Graph representations of semantic vectors
Graph representations of word embedding models: evaluating existing approaches and possible applications in language data processing and visualization.
Distributional semantic vector models (or word embeddings) are trained on large text corpora and aimed to assign words semantically meaningful dense vectors. Conceptually, a word embedding model with vector size n is a matrix of n-dimensional vectors, where the number of rows is equal to the number of words in the corpus lexicon. Semantic similarity between words is measured as cosine distance between the corresponding vectors. For many applications, this matrix or parts of it can be represented as a graph – see e.g. Gyllensten & Sahlgren (2015). Such graphs can be useful for word sense induction, word clustering, discovering words central to semantic networks, and last but not least – for creating attractive and insightful visualizations of semantic relations between words (example from the Dilipad project).
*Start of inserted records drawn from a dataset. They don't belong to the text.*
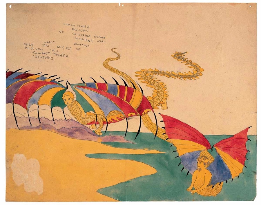 Генри Дарджер, «Гигантская роверин с детёнышами. Все ядовиты. Все острова вселенских морей и океанов. Также в Кальверине, Анджелинии и Аббиэннии», ок. 1950 [26]
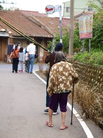 因為忙拍照,我落在大家後面(沒人理我,大家直直往前走),跟在緩步前行的老者後方,感覺有點錯亂,以為台灣的觀光休閒這麼興盛,應該到處都是穿著亮麗的人群。我忘了湖口畢竟還算是個鄉下吧!雖然觀光的旅客這麼多,這裡還是會有當地的居民啊!即便當地成為觀光聖地,他們還是過著不變的生活吧!
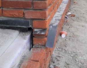 voorbeeld van dpc-folie dat net boven het maaiveld wordt aangebarcht (uit de pdf trasraam in baksteen metselwerk van knb-keramiek): ![]() |
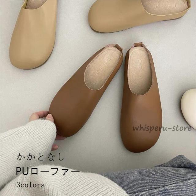 フラットシューズ かかとなし レディース ローファー PUレザー サンダル スリッパ 夏 スリッパサンダル 前詰まり 室外穿き カジュアルシューズ
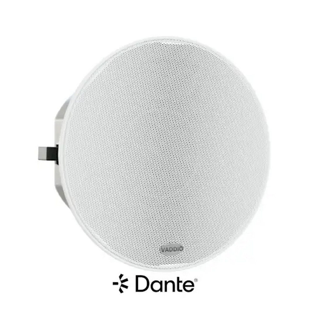 The Vaddio EasyIP Ceiling Speaker D is a high-performance, Dante-enabled 2-way speaker designed for seamless integration into modern AV environments. Engineered for superior vocal clarity, it features a coaxially mounted cone tweeter and a 4" metalized cone woofer with rare-earth neodymium magnets and a neoprene driver surround, ensuring accurate voice reproduction in conference rooms and classrooms.
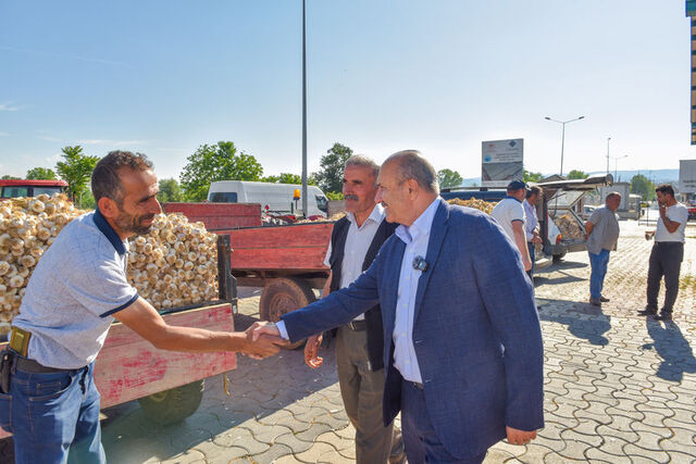 İlçede "beyaz altın" olarak adlandırılan sarımsak hasadının başlamasının ardından sezonun ilk sarımsak pazarı kuruldu.
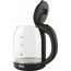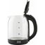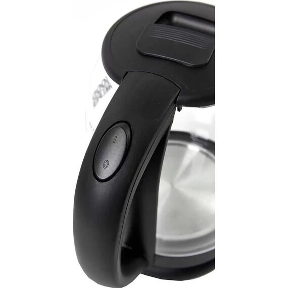 Объем 1.8л, Мощность 1500Вт, Автовыключение при закипании, Защита от включения без воды, Защита от перегрева, Поворачивающийся корпус (360°), Дисковый нагревательный элемент, Индикация включения, Светодиодная подсветка, Стеклянный корпус, Ручка и крышка ABS-пластик, Рабочее напряжение 220В / 50Гц.

However, there are more than one way of transforming distributional data from a matrix representation into a graph representation. The most obvious approach is to create a fully connected graph with words as nodes and weights on edges equal to cosine similarity between word pairs. However, for large corpora (millions of word types in the lexicon) this can be prohibitively costly in terms of memory and processing time. Thus, there are ways to to approximate these semantic similarities without making the graph fully connected (for example, draw an edge only if cosine similarity between two words is higher than a pre-defined threshold). The aim of this project is to evaluate these approaches in a variety of downstream tasks (primarily on English material) as well as exploring how good they are for visualizations. Basic knowledge of graph theory is recommended, however, in case of interest a quick crash course can be given.